* [Task item] Omit the pictures and print exactly the lines of the listing below, starting at the first and ending at the line containing "מקלדת גיימינג GK87".

* [Given data]
▼

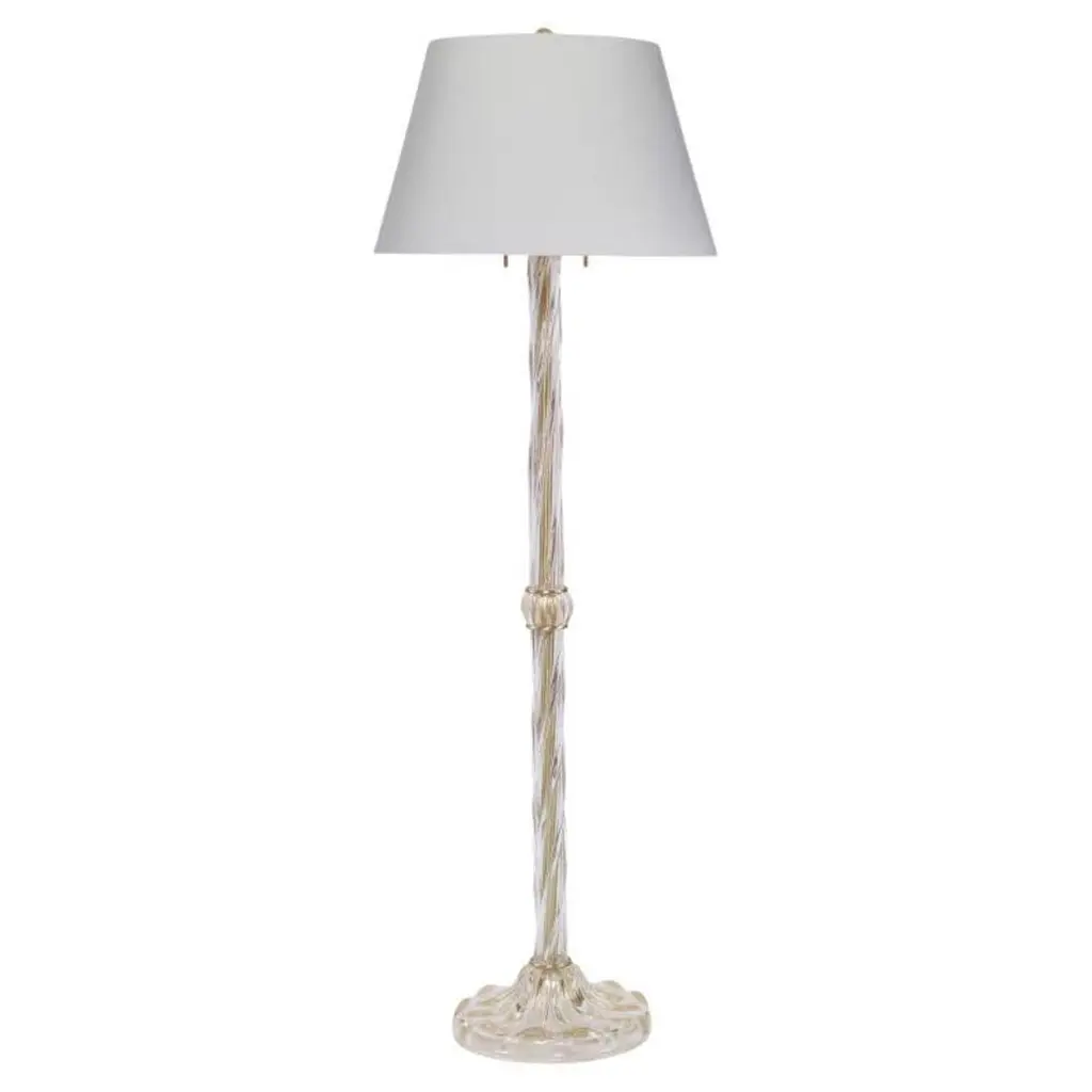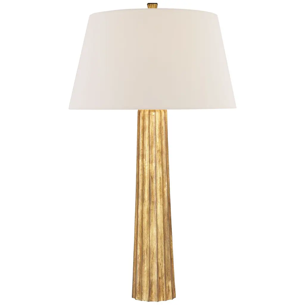 An elegant table lamp featuring a gilded iron stand with irregular fluted detailing and a natural paper shade. Styled with Art Deco glamour, this lamp looks gorgeous in a living room or bedroom, adding a sophisticated touch to a room.
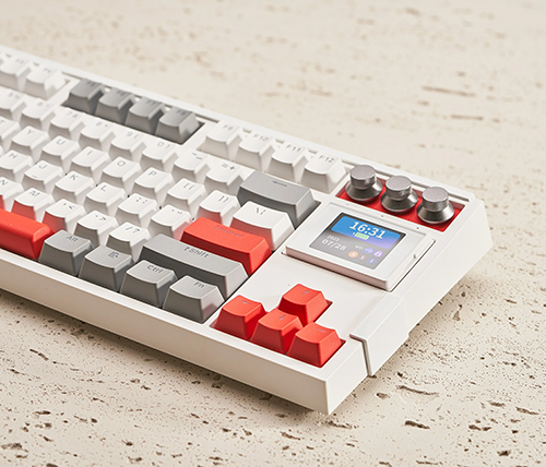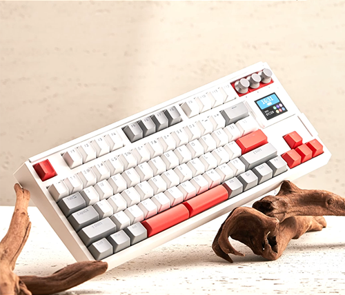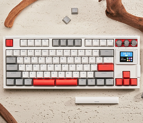 מקלדת גיימינג GK87 Pro אלחוטית מכנית עם צג סוויץ' Gateron G Pro 3.0 Yellow בצבע לבן
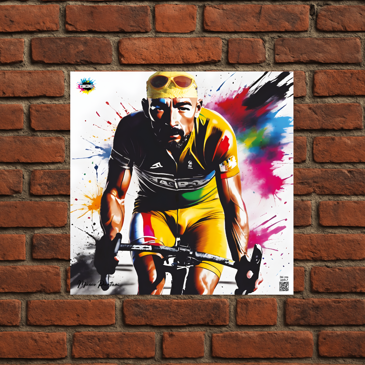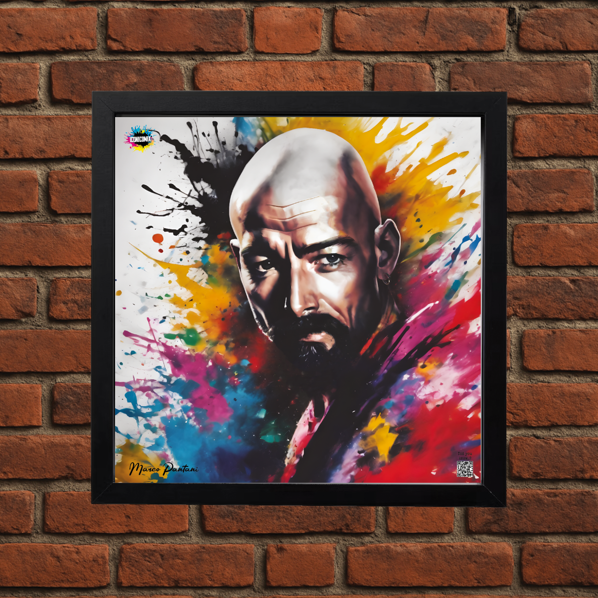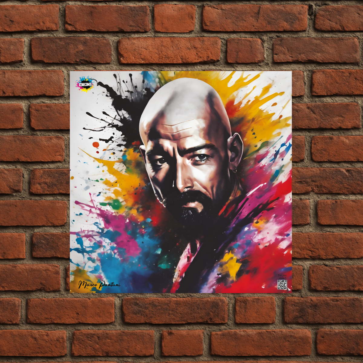 In ogni nostra grafica è presente anche un QR code che reindirizza al sito iconicomix.com, alla pagina ufficiale dell’icona che hai scelto. Una porta digitale che racconta la sua storia, le sue frasi e il suo mondo.
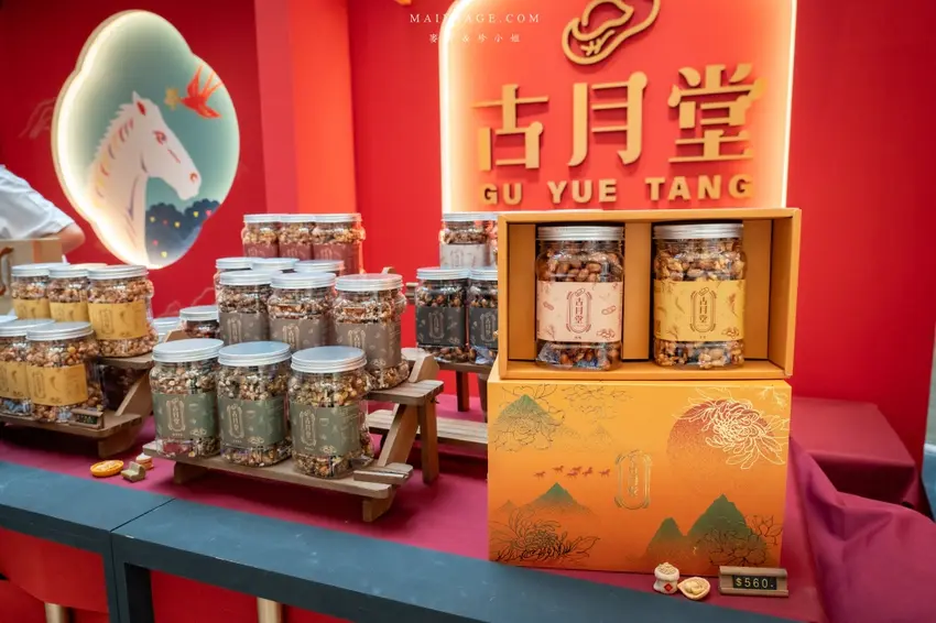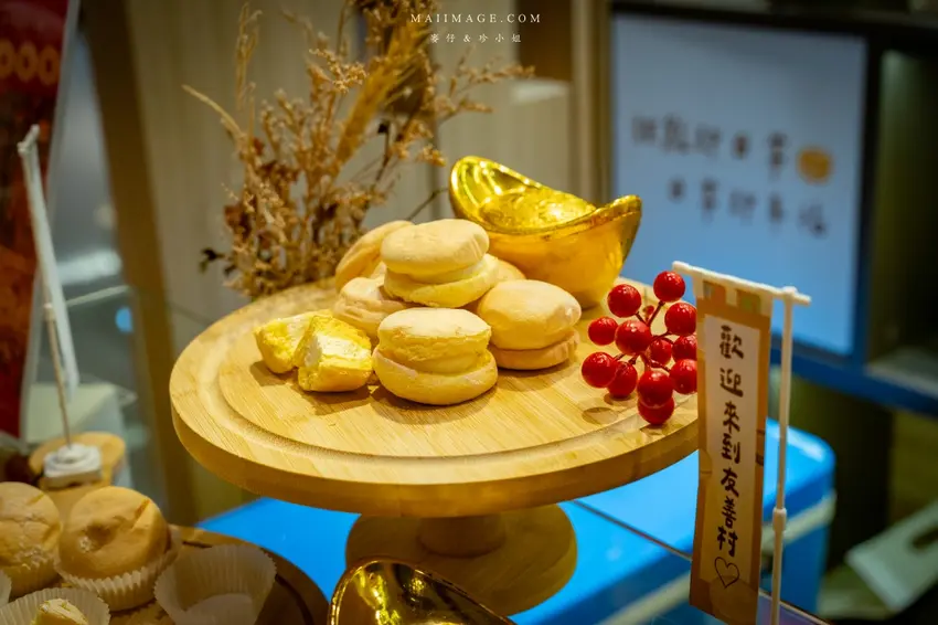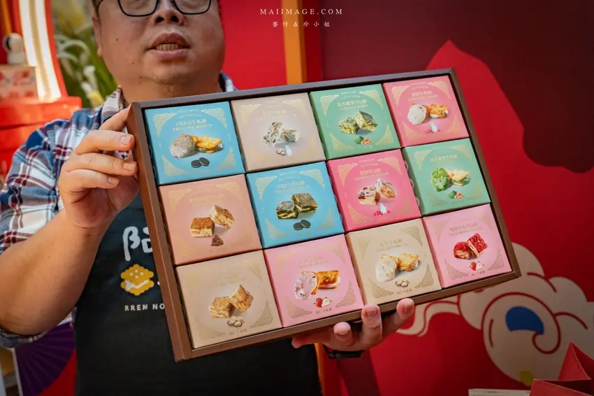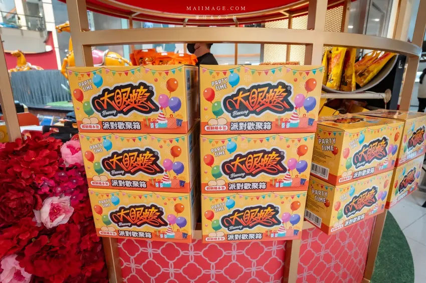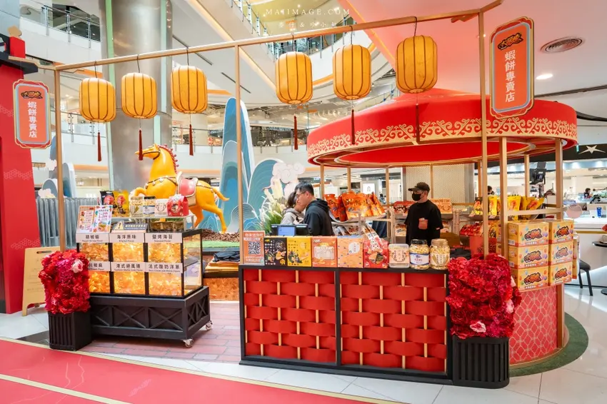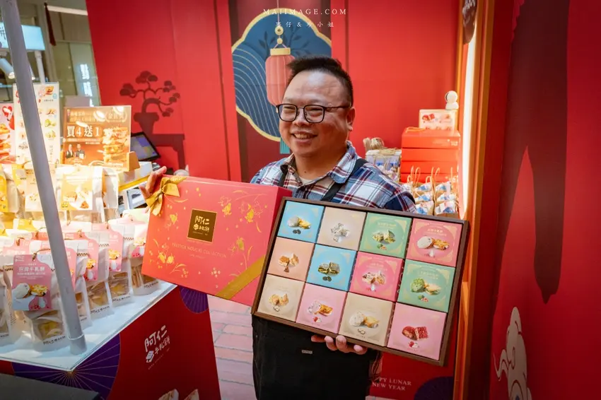 拍完照當然要逛逛熱鬧的賀歲市集,這次集結了多家人氣伴手禮品牌,讓辦年貨變得輕鬆又方便。知名的「阿仁牛軋餅」推出了多款精美禮盒,主打軟 Q 不黏牙的口感,季節限定的草莓與鳳梨口味更是搶手貨。「大眼蝦」的蝦片分享箱則是追劇神器,鹹蛋黃與肉鬆口味鹹香酥脆。還有傳承四代的「古月堂」花生糖,口感香酥不黏牙,長輩小孩都喜歡。喜歡甜點的朋友則不能錯過「友善村幸福烘焙所」的台式馬卡龍,外酥內軟的蛋糕口感搭配減糖內餡,吃起來清爽無負擔,是年節送禮的最佳選擇。

▲

* [Result of the exercise]
 An elegant table lamp featuring a gilded iron stand with irregular fluted detailing and a natural paper shade. Styled with Art Deco glamour, this lamp looks gorgeous in a living room or bedroom, adding a sophisticated touch to a room.
 מקלדת גיימינג GK87 Pro אלחוטית מכנית עם צג סוויץ' Gateron G Pro 3.0 Yellow בצבע לבן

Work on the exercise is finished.